Вооружившись словами и понятиями, всяк создаёт свою теорийку под себя, под свой природно-культурный склад (мемориал, музей, погреб, запасник, загашник и т.д.) подводя оправдания задним числом, post factum. Всяк, отвечая требованиям своего психосоматического устройства, представляет нам своё самобытное видение мира, и всяк несёт нам свою правоту — все правды хороши (а также и плохи), выбирай на вкус! А можешь ведь и сам слепить себе свою искусственную правдочку, аки Бог слепил из праха ветхого и краснокожего Адама для Своего кукольного театрика, для человеческой Своей комедии-вертопрахии…

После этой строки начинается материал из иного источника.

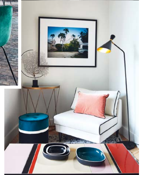
OBEN: Velours in abgetönten Nuancen bestimmt das Restaurant im Pariser Designhotel Le Roch. RECHTS: Schicke Ecke im neuen Concept-Store Place des Victoires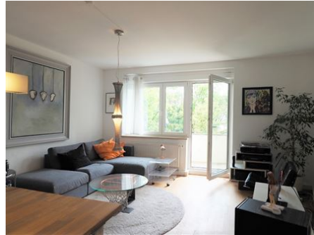
Relaxen, ankommen, genießen!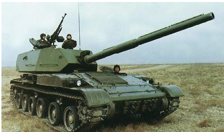
5. számú ábra. Type-89 kínai vadászpáncélos [8.]

Kelet-Ázsiában, ahol sok országban még mindig szegényesebb az épített infrastruktúra, az utak és egyéb közlekedési műtárgyak teherbírása jelentősen alatta marad egy nyugat-európai színvonalnak, ott is helye van ezeknek az eszközöknek. Ezt a piaci rést találta meg több gyártó is, így a török OTOKAR vállalat, amely a Tulpar lánctalpas harcjárművét, könnyű harckocsiját ajánlja ennek a régióknak alkalmazásra. A legendás M-113 páncélozott harcjármű alapjaira építkező harckocsi 105 mm-es huzagolt vagy 120 mm-es sima csövű harckocsiágyúval szerelhető fel, tömege azonban még így sem haladja meg a 40 tonnát, amely egy korábbi közepes harckocsi tömegével egyezik meg (6. ábra).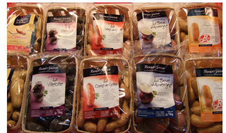
Exempel på konsumentförpackningar.

Utifrån detta är rekommendationen att potatisbranschen, för att öka konkurrenskraften, bör kunna fortsätta att utveckla mer differentierade produkter med mer bekvämlighetsprägel. Förpackningar är i detta avseende ett bra sätt att skilja produkten från den bulkvara (potatis i lösvikt) som associeras som obekvämt. Tvättade produkter, tunna skal, jämna storlekar och felfria produkter i övrigt förefaller också vara rekommendationer som kan hjälpa produkten att bli bekvämare för konsumenten. Det finns dock flera aspekter som behöver undersökas närmare, det gäller inte minst hälsoaspekten och andra trender som påverkar konsumenternas val.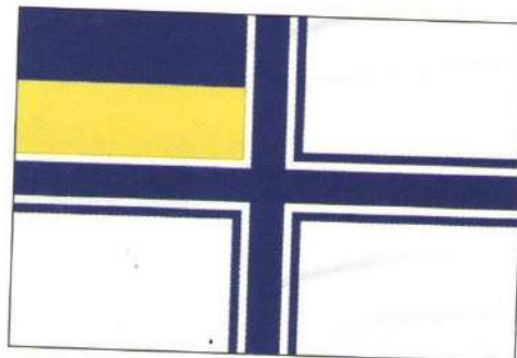
Військово-Морський Прапор Збройних Сил України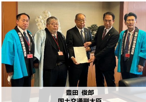
豊田 俊郎 国土交通副大臣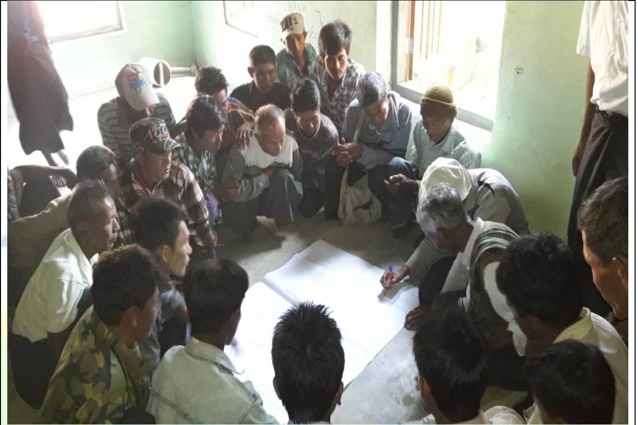
ကျေးရွာလုပ်ငန်းခွဲအတွက်အခက်အခဲများဖော်ထုတ်ဆွေးနွေးစဉ်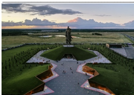
Рис. 7. Ржевский мемориал Советскому солдату, Тверская область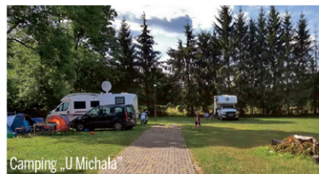
Camping „U Michała”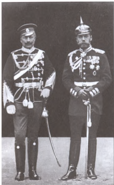
Августейший маскарад с переодеванием: два венценосных родственников обменялись униформами. Германский кайзер Вильгельм II и российский самодержец Николай II. Бьерке (Финляндия), 1905 г.

П.Н. Дурново. За полгода до начала Первой мировой войны изложил Николаю II точный прогноз её хода и последствий для России. За это некоторые считают его чуть ли не провидцем, тогда как он всего лишь высказал то, что было ясно любому достаточно умному политику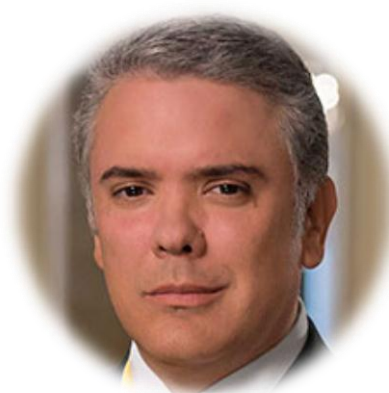
Figura 15. Iván Duque Márquez.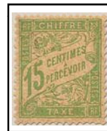
N°TA 30 15 c. vert-jaune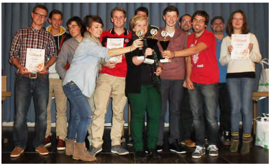
Die strahlenden Sieger beim Bezirksquiz - Pappenheim wir kommen!

Die vier besten ELJ - Gruppen haben sich für das Landesquiz am 24.02.2013 in Pappenheim qualifiziert.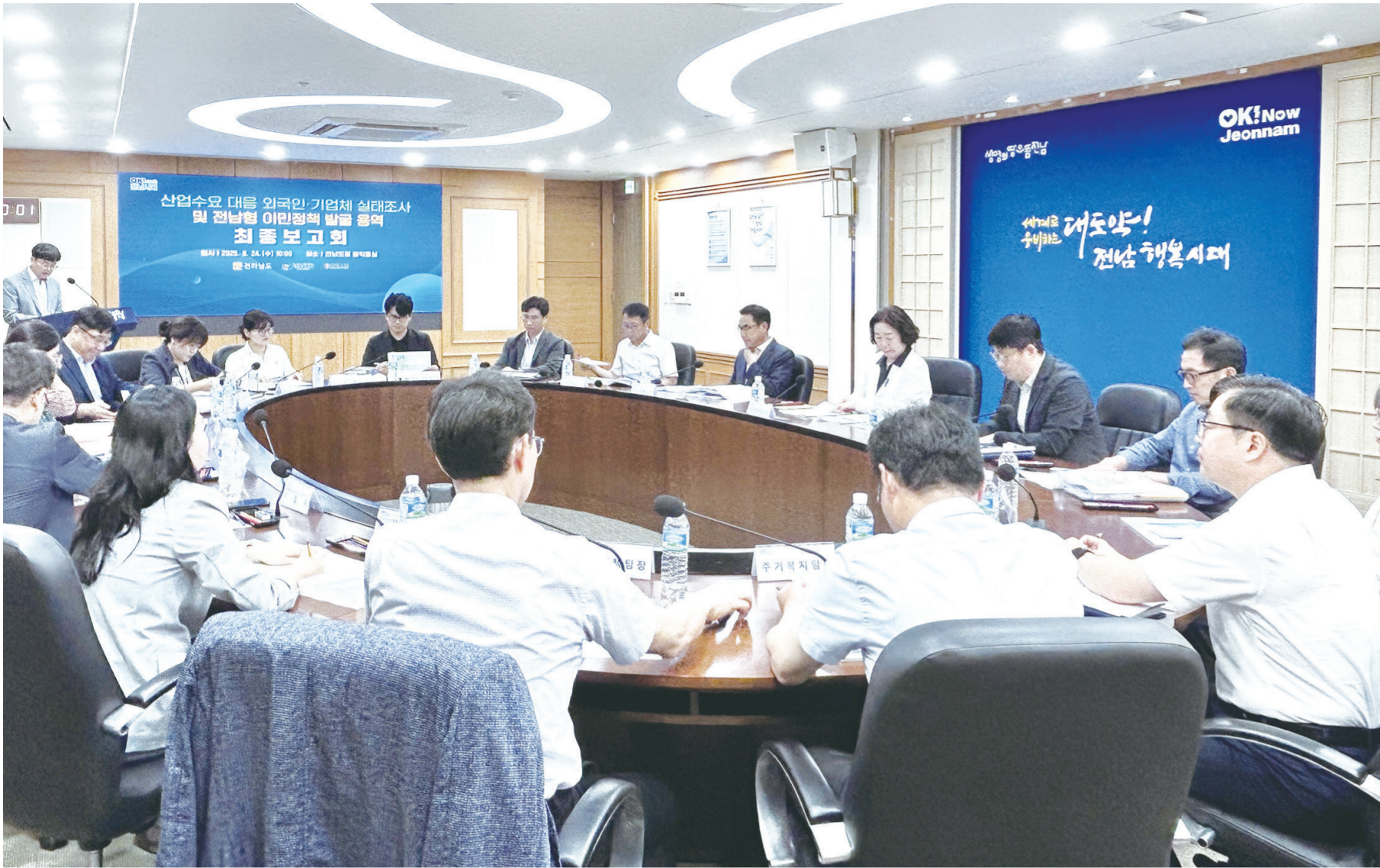
전남도, 외국인 주민 기업체 실태조사 및 전남형 이민정책 모델 발굴 용역 최종보고회.

Чем человек по своему внутреннему складу беднее, слабее, беспомощней и трусливее, тем настоятельней его потребность во внеположных ему складах (мемориалах, музеях, погребах, запасниках, загашниках и т.д.), во внешних опорах-костылях — в социуме, в культуре. «Убогий» (он только так думает, что он убогий), «частичный» (он только так думает, что он частичный), «недоделанный» (он только так думает, что он недоделанный) человек ищет снаружи чем бы укрепить и довосполнить себя до системного целого — умозрительно, лишь умозрительно ищёт: и посему неизбежно отягощён поневоле им самим надуманной экзистенциальной виной и легко управляем внешними структурами, к которым он обращается за помощью.

Человек же, одарённый целостным осознанием собственной целостности, самодостаточен в ней вполне и в самом себе может отыскать ответы на любые свои вопросы. Такой человек не отягощён умозрительным бессилием (как и умозрительным всесилием) и управлять им, эксплуатировать его непросто — голыми руками его не возьмёшь, хотя он простодушно открыт и по-настоящему, искренне беззащитен, но с ним почему-то никто ничего не может поделать, ибо твёрдость и сила его принадлежат не ему, а спонтанно проявляющейся в нём целостности жизни: потому зачастую и называют его имморалистом, белой вороной, выродком, юродом, сумасшедшим и больным. А он беспечен и здоров, беспечален и живуч, не скулит, никого ни о чём не просит и не простирает руки к небесам с жалобным возопением: «Господи, Вседержитель, помоги, научи, исцели, дай, подари, ниспошли, искупи!..»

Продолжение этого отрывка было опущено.